Installation | Syntax | Citation guidelines | Examples | Feedback | Change log


StataMin issues license Stars version release

streamplot v1.82

(10 Jun 2024)

This package provides the ability to generate stream plots in Stata. It is based on the Streamplot Guide (December 2020).

Installation

The package can be installed via SSC or GitHub. The GitHub version, might be more recent due to bug fixes, feature updates etc, and may contain syntax improvements and changes in default values. See version numbers below. Eventually the GitHub version is published on SSC.

SSC (v1.82):

ssc install streamplot, replace

GitHub (v1.82):

net install streamplot, from("https://raw.githubusercontent.com/asjadnaqvi/stata-streamplot/main/installation/") replace

The palettes package is required to run this command:

ssc install palettes, replace
ssc install colrspace, replace

If you want to make a clean figure, then it is advisable to load a clean scheme. These are several available and I personally use the following:

ssc install schemepack, replace
set scheme white_tableau  

I also prefer narrow fonts in figures with long labels. You can change this as follows:

graph set window fontface "Arial Narrow"

Syntax

The syntax for the latest version is as follows:

streamplot y x [if] [in], by(varname) 
            [ palette(str) smooth(num) labcond(str) offset(num) alpha(num) droplow yreverse cat(varname) recenter(top|mid|bot) 
               lcolor(str) lwidth(str) labsize(num) labcolor(color|palette) percent format(str) nolabel area
               tline tlcolor(str) tlwidth(str) tlpattern(str) yline(str)
               xlabel(str) xtitle(str) ytitle(str) title(str) subtitle(str) note(str) 
               ysize(num) xsize(num) scheme(str) aspect(str) name(str) saving(str)
            ]

See the help file help streamplot for details.

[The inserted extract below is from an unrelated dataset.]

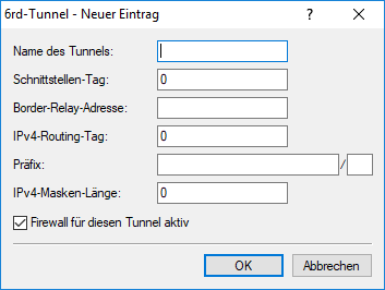 Anmerkung: Wird das 6rd-Präfix über DHCPv4 zugewiesen (d.h. die Border-Relay-Adresse ist leer), so wird dieses Feld ignoriert bzw. kann leer bleiben.

The most basic use is as follows:

streamplot y x, by(varname)

where y is the variable we want to plot, and x is usually the time dimension. The by variable splits the data into different groupings that also determines the colors. The color schemes can be modified using the palettes(name) option. Here any scheme from the colorpalettes package can be used.

Citation guidelines

Software packages take countless hours of programming, testing, and bug fixing. If you use this package, then a citation would be highly appreciated. Suggested citations:

in BibTeX

@software{streamplot,
   author = {Naqvi, Asjad},
   title = {Stata package ``streamplot''},
   url = {https://github.com/asjadnaqvi/stata-streamplot},
   version = {1.82},
   date = {2024-06-10}
}

or simple text

Naqvi, A. (2024). Stata package "streamplot" version 1.82. Release date 10 June 2024. https://github.com/asjadnaqvi/stata-streamplot.

or see SSC citation (updated once a new version is submitted)

Examples

Set up the data:

clear
set scheme white_tableau
graph set window fontface "Arial Narrow"

use "https://github.com/asjadnaqvi/stata-streamplot/blob/main/data/streamdata.dta?raw=true", clear

We can generate basic graphs as follows:

streamplot new_cases date, by(region) 

streamplot new_cases date if date > 22400, by(region) smooth(6)

Recenter the graphs to top or bottom:

streamplot new_cases date if date > 22400, by(region) smooth(6) recenter(bot)

streamplot new_cases date if date > 22400, by(region) smooth(6) recenter(top)

streamplot new_cases date if date > 22400, by(region) smooth(6) ///
	labcond(20000) ylabsize(1.8) lc(black) lw(0.04)

streamplot new_cases date if date > 22400, by(region) smooth(6) ///
	labcond(20000) ylabsize(1.8) lc(black) lw(0.04) format(%12.0fc) offset(20)

streamplot new_cases date if date > 22400, by(region) smooth(6) palette(CET D11) ///
	labcond(2) ylabsize(1.8) lc(black) lw(0.04)  percent format(%3.2f) offset(20) ylabc(red)

streamplot new_cases date if date > 22400, by(region) smooth(6) palette(CET C6, reverse) ///
	labcond(1) ylabsize(1.8) lc(black) lw(0.04)  percent format(%3.2f) offset(20) ylabc(palette)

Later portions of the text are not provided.